[Supplied entries — start]

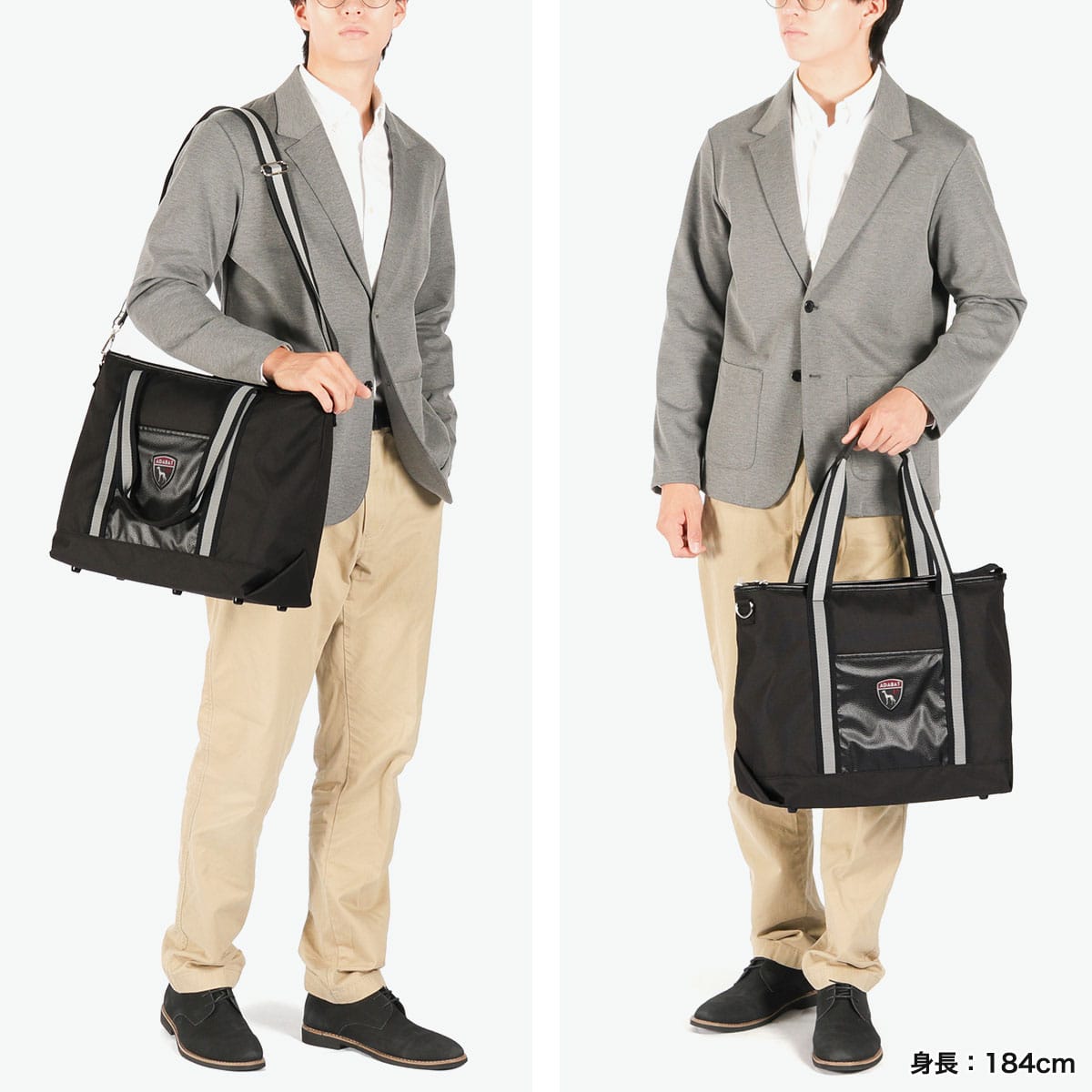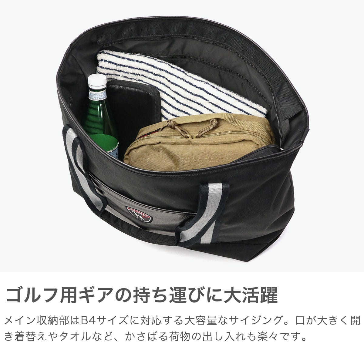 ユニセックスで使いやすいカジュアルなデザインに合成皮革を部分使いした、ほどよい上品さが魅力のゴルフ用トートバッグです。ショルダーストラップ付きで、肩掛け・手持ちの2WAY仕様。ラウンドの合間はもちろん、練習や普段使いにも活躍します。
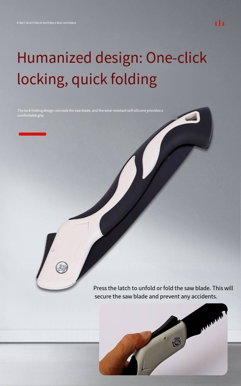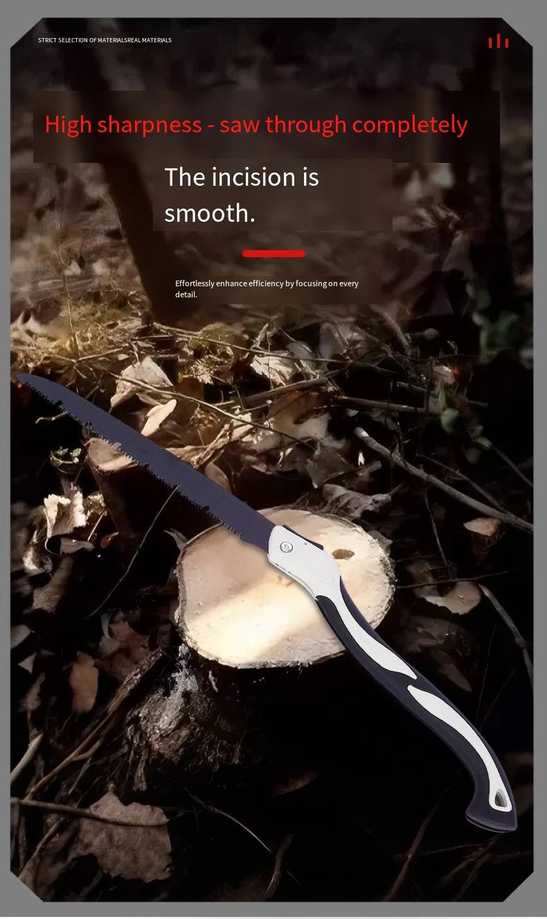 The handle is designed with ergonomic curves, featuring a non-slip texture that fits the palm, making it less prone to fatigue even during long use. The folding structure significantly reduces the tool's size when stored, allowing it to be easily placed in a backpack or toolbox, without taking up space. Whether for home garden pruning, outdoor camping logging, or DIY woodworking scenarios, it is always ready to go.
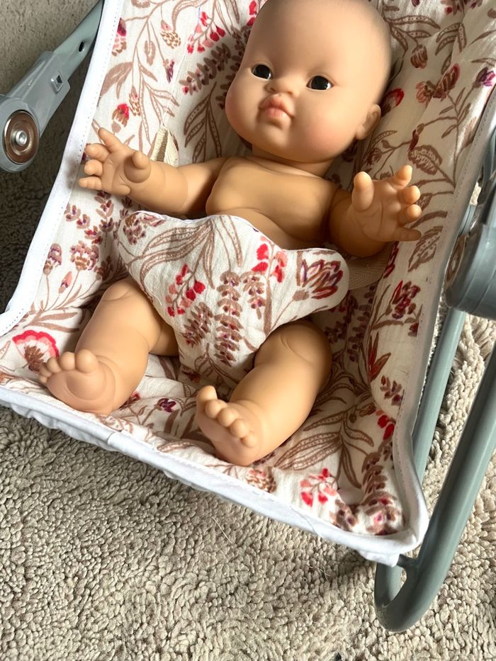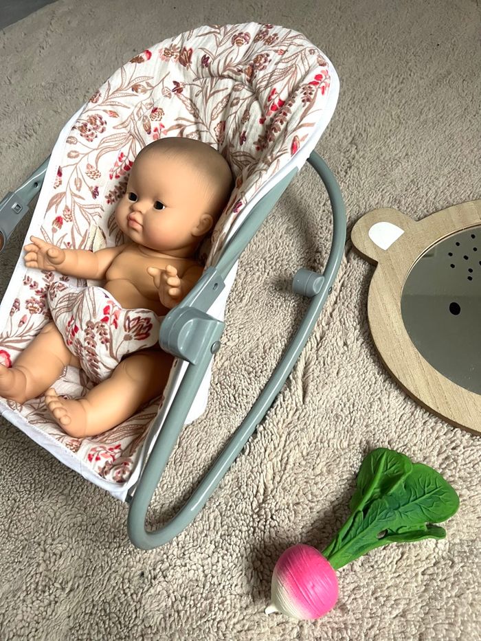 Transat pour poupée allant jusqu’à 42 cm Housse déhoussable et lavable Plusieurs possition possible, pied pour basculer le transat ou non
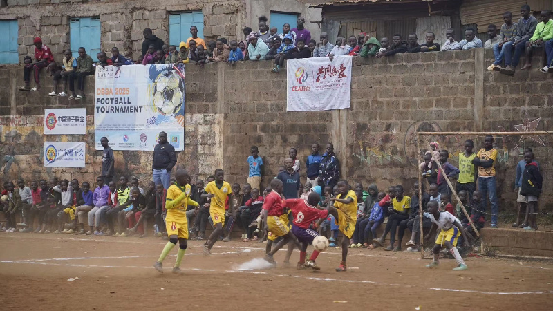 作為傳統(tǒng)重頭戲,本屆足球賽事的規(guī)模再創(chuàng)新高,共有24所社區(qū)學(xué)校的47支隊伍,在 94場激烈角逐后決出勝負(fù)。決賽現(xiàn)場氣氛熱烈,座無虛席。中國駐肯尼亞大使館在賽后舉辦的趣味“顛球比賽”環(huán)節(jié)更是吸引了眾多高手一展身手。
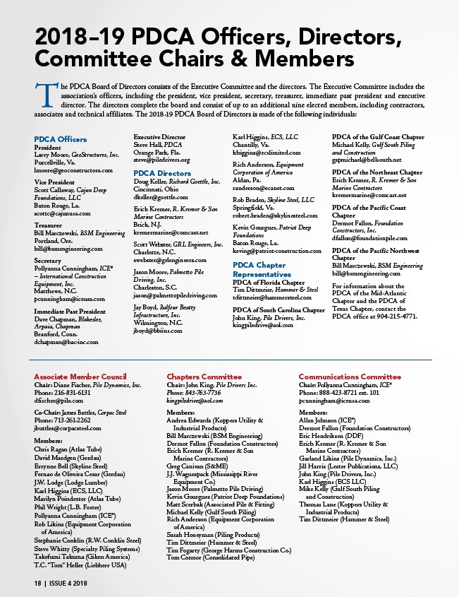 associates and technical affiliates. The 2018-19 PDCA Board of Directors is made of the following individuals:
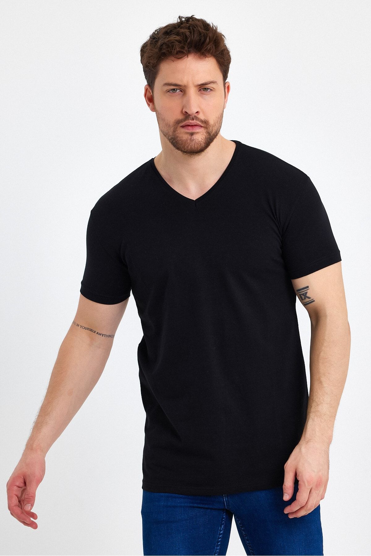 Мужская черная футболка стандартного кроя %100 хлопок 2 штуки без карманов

[Supplied entries — finish]

§ Brief:
Return the material exactly as given above, picture-free.

§ Answer space:
 ユニセックスで使いやすいカジュアルなデザインに合成皮革を部分使いした、ほどよい上品さが魅力のゴルフ用トートバッグです。ショルダーストラップ付きで、肩掛け・手持ちの2WAY仕様。ラウンドの合間はもちろん、練習や普段使いにも活躍します。
 The handle is designed with ergonomic curves, featuring a non-slip texture that fits the palm, making it less prone to fatigue even during long use. The folding structure significantly reduces the tool's size when stored, allowing it to be easily placed in a backpack or toolbox, without taking up space. Whether for home garden pruning, outdoor camping logging, or DIY woodworking scenarios, it is always ready to go.
 Transat pour poupée allant jusqu’à 42 cm Housse déhoussable et lavable Plusieurs possition possible, pied pour basculer le transat ou non
 作為傳統(tǒng)重頭戲,本屆足球賽事的規(guī)模再創(chuàng)新高,共有24所社區(qū)學(xué)校的47支隊伍,在 94場激烈角逐后決出勝負(fù)。決賽現(xiàn)場氣氛熱烈,座無虛席。中國駐肯尼亞大使館在賽后舉辦的趣味“顛球比賽”環(huán)節(jié)更是吸引了眾多高手一展身手。
 associates and technical affiliates. The 2018-19 PDCA Board of Directors is made of the following individuals:
 Мужская черная футболка стандартного кроя %100 хлопок 2 штуки без карманов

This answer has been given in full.